[Records for this task]
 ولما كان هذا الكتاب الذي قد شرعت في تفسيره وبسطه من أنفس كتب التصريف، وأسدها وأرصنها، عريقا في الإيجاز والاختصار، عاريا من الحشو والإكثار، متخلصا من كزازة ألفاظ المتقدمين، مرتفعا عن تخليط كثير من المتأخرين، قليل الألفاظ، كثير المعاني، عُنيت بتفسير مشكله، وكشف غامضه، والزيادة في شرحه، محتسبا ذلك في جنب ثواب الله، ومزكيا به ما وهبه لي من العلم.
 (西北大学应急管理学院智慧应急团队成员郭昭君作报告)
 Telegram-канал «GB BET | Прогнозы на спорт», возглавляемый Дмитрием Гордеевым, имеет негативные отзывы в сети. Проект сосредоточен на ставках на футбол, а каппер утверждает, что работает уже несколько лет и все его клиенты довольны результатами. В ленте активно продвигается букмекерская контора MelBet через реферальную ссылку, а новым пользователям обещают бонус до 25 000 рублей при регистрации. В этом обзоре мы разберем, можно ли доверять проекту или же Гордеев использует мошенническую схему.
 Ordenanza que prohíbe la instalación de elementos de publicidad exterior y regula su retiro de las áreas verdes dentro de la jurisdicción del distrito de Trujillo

--

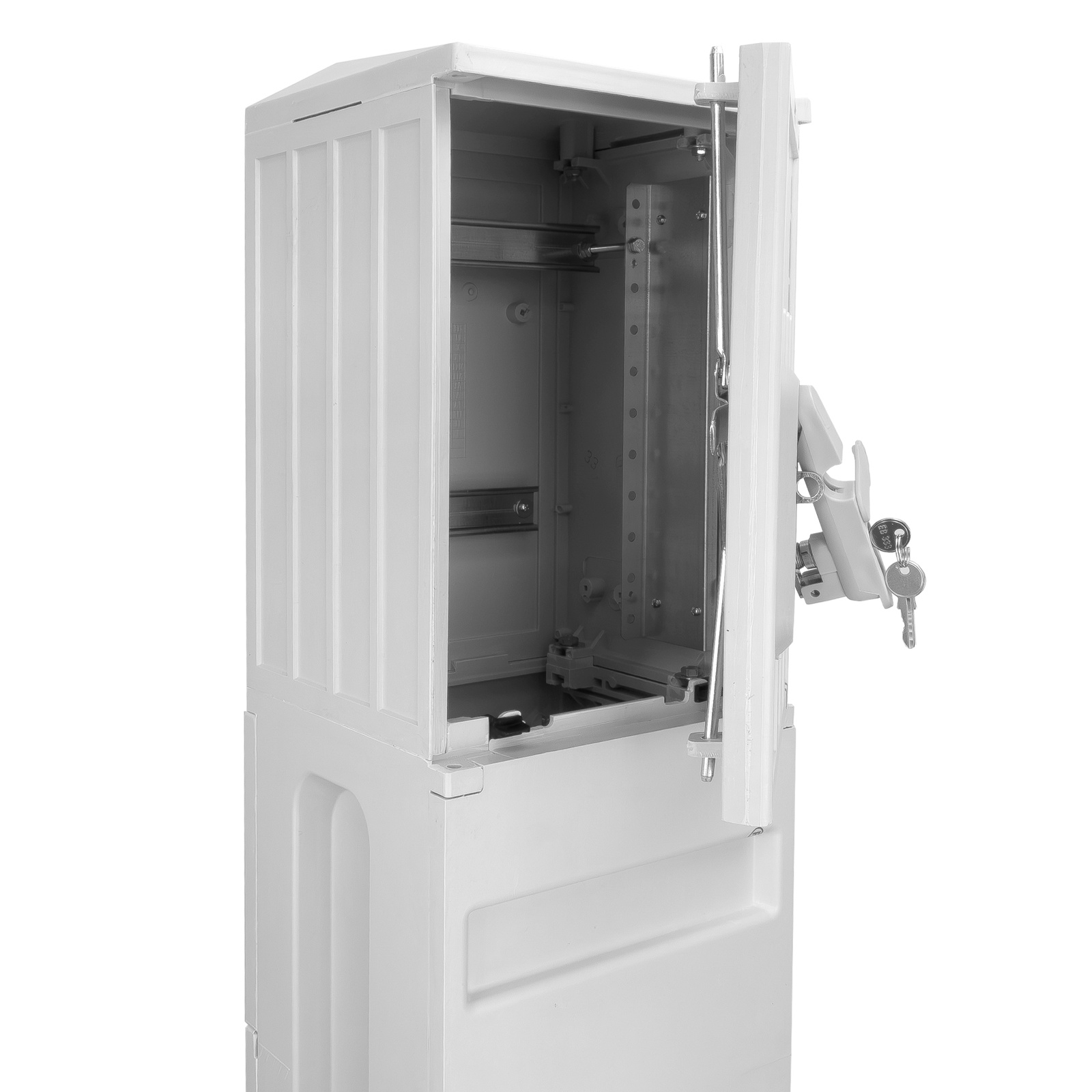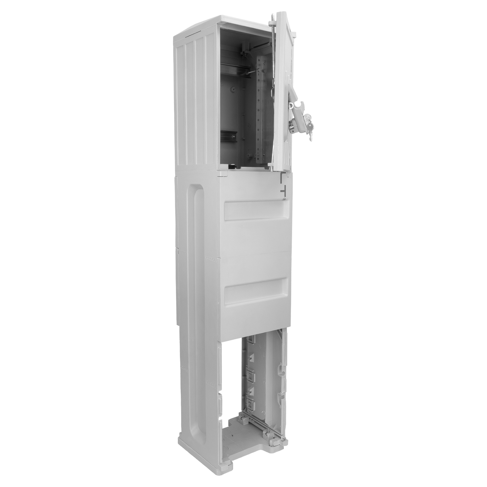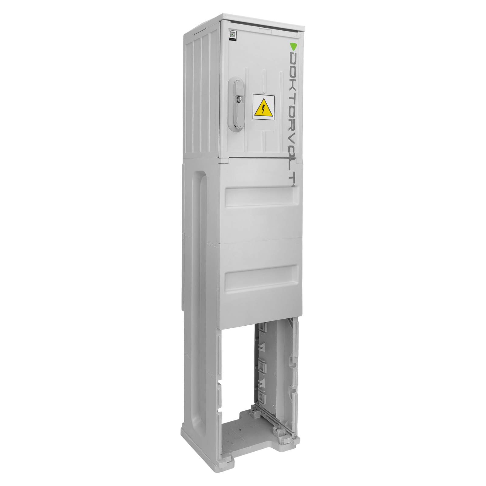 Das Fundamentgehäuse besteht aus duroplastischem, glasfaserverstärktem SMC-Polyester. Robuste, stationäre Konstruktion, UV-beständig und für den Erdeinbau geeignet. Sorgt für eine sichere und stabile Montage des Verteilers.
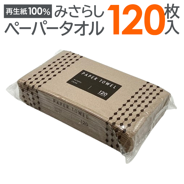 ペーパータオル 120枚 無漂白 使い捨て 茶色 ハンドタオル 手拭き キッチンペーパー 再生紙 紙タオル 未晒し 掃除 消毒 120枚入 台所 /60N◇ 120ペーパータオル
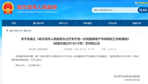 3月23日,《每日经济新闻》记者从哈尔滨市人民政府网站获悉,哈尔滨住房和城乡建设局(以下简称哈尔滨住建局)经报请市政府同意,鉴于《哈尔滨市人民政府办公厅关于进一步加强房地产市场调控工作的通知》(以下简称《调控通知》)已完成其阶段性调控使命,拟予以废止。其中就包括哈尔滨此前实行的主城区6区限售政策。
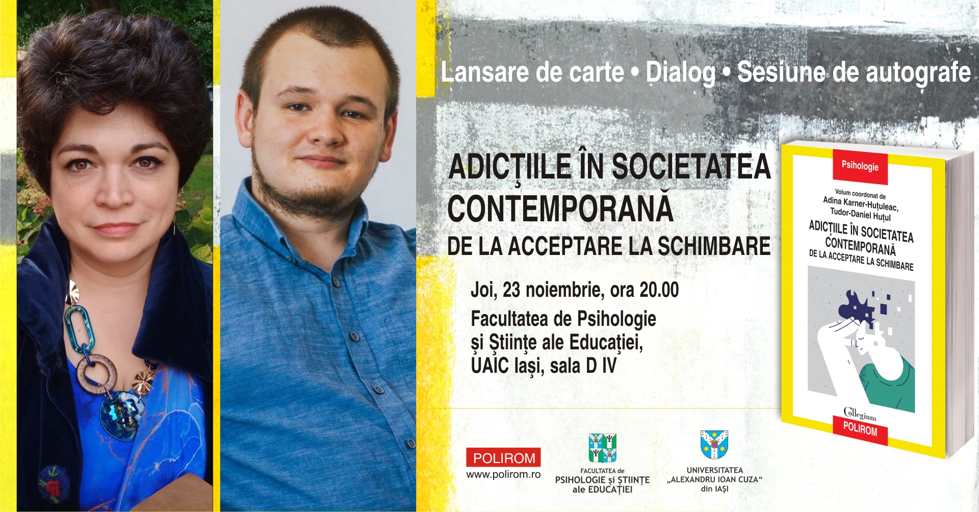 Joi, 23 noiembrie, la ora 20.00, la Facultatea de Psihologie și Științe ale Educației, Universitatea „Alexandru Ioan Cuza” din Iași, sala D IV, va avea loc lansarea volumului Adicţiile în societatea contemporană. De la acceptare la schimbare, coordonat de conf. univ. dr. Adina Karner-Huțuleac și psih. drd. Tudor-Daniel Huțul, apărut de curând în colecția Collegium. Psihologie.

==

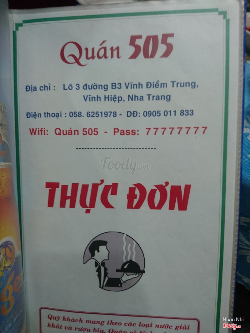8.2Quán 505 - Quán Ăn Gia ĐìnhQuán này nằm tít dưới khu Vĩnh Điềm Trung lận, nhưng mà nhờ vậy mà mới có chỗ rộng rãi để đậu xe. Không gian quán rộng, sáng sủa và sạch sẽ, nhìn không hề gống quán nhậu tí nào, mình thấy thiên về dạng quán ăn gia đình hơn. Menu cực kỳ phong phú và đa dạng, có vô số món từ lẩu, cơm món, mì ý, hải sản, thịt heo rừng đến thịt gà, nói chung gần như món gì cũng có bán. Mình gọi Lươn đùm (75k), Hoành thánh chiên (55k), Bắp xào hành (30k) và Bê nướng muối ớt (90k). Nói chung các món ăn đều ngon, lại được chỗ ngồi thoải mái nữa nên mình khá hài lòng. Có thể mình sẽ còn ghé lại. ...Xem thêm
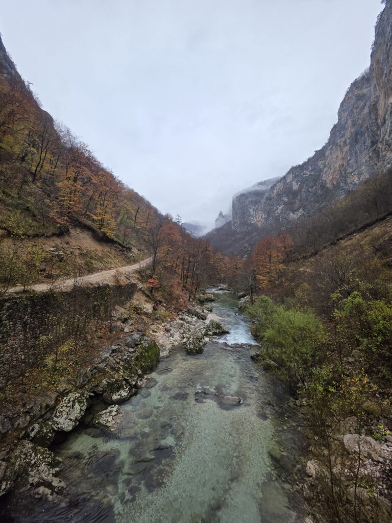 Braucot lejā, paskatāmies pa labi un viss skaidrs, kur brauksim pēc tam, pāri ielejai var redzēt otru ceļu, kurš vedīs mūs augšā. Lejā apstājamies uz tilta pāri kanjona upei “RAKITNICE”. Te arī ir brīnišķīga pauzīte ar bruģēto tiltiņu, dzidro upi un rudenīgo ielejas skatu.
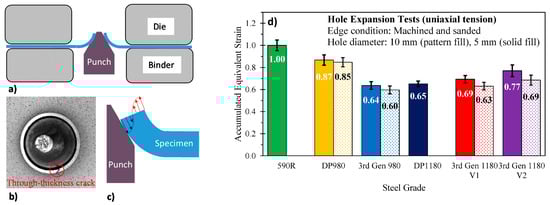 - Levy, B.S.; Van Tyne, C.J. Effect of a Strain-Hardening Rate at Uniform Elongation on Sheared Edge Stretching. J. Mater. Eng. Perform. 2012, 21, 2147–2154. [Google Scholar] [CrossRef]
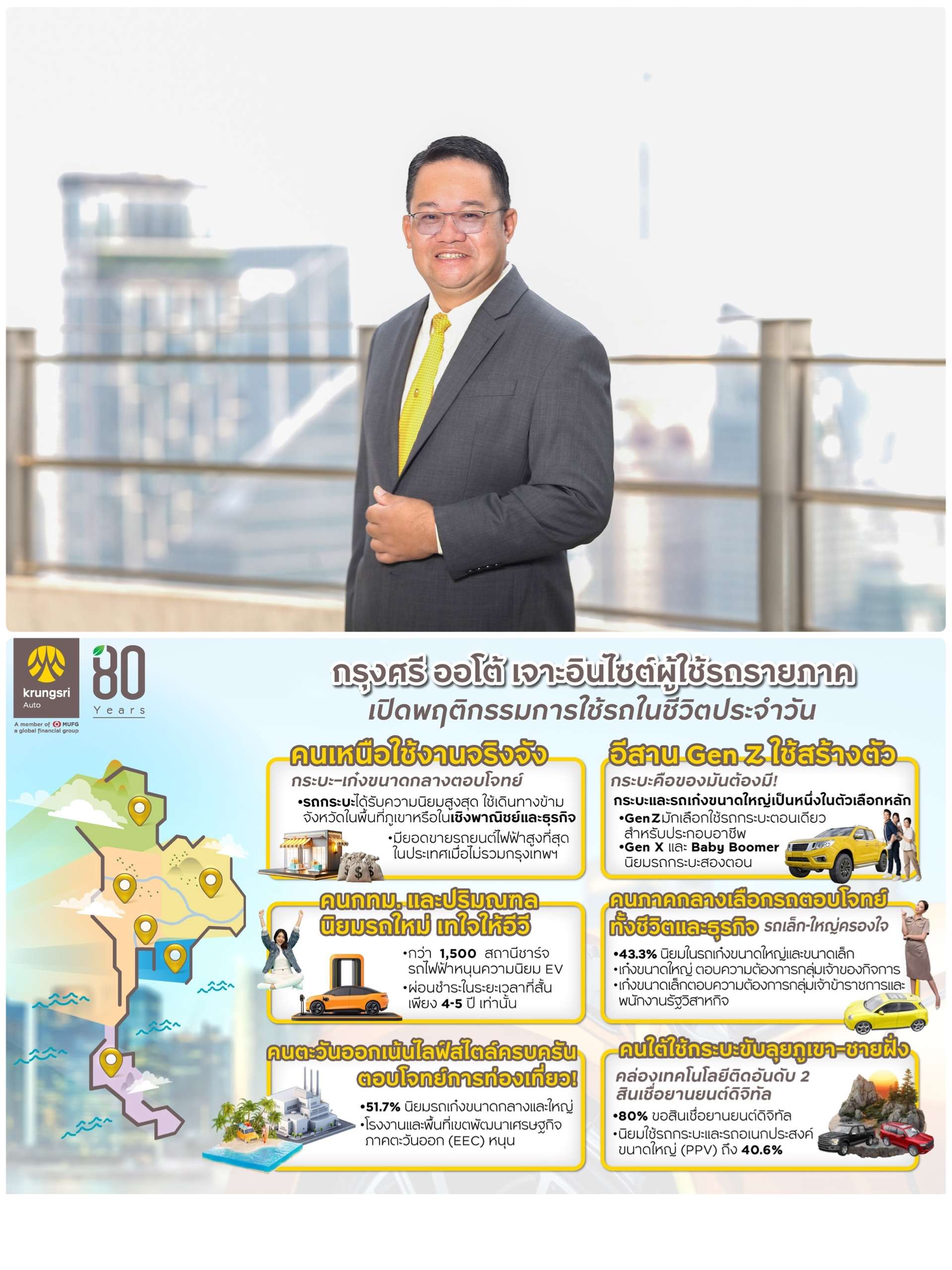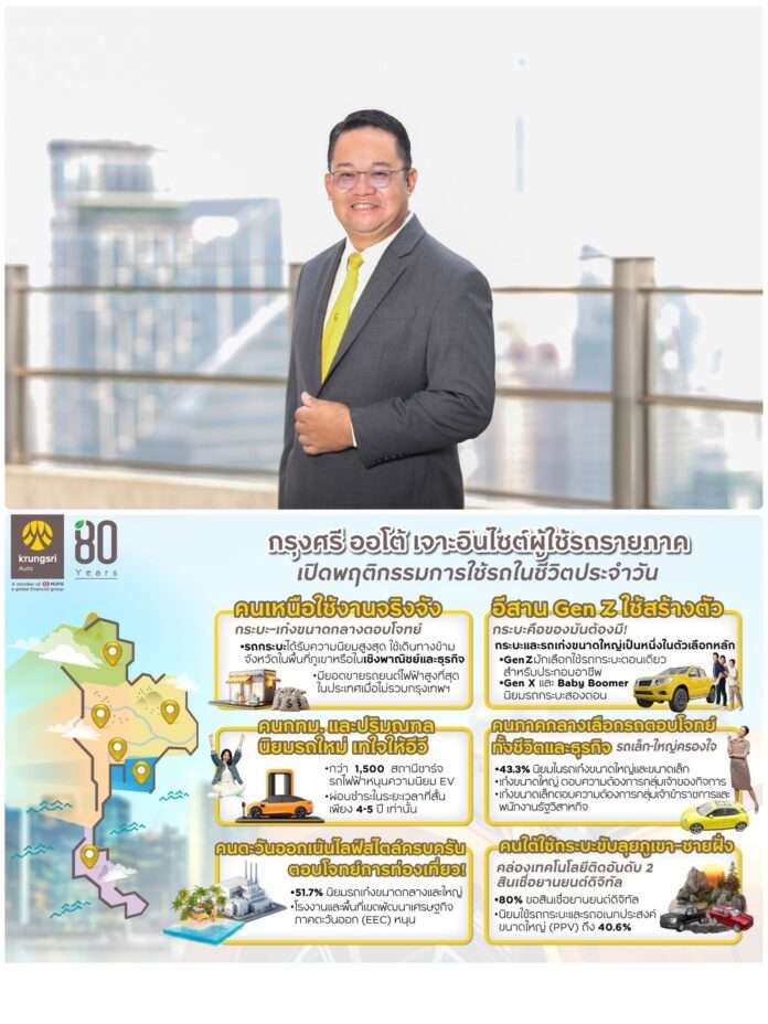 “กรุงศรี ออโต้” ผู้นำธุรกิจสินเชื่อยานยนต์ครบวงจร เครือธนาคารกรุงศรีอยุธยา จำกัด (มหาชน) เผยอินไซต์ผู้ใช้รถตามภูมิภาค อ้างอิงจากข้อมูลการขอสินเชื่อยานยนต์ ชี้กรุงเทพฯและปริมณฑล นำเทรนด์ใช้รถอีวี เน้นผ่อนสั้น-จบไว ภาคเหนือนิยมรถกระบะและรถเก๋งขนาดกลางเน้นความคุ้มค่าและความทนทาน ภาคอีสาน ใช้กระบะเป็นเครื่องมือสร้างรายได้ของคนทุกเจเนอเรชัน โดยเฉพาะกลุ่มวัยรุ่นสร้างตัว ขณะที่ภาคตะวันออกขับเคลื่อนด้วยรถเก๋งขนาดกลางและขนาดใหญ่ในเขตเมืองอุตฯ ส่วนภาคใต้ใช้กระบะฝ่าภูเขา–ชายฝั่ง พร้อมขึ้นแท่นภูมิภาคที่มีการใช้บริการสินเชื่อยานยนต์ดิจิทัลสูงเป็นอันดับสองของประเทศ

[Task statement]
Give exactly the lines above that run from the line with "8.2Quán 505 - Quán" to the line with "- Levy, B.S.;", both included, leaving every picture out.

[Exercise output]
8.2Quán 505 - Quán Ăn Gia ĐìnhQuán này nằm tít dưới khu Vĩnh Điềm Trung lận, nhưng mà nhờ vậy mà mới có chỗ rộng rãi để đậu xe. Không gian quán rộng, sáng sủa và sạch sẽ, nhìn không hề gống quán nhậu tí nào, mình thấy thiên về dạng quán ăn gia đình hơn. Menu cực kỳ phong phú và đa dạng, có vô số món từ lẩu, cơm món, mì ý, hải sản, thịt heo rừng đến thịt gà, nói chung gần như món gì cũng có bán. Mình gọi Lươn đùm (75k), Hoành thánh chiên (55k), Bắp xào hành (30k) và Bê nướng muối ớt (90k). Nói chung các món ăn đều ngon, lại được chỗ ngồi thoải mái nữa nên mình khá hài lòng. Có thể mình sẽ còn ghé lại. ...Xem thêm
 Braucot lejā, paskatāmies pa labi un viss skaidrs, kur brauksim pēc tam, pāri ielejai var redzēt otru ceļu, kurš vedīs mūs augšā. Lejā apstājamies uz tilta pāri kanjona upei “RAKITNICE”. Te arī ir brīnišķīga pauzīte ar bruģēto tiltiņu, dzidro upi un rudenīgo ielejas skatu.
 - Levy, B.S.; Van Tyne, C.J. Effect of a Strain-Hardening Rate at Uniform Elongation on Sheared Edge Stretching. J. Mater. Eng. Perform. 2012, 21, 2147–2154. [Google Scholar] [CrossRef]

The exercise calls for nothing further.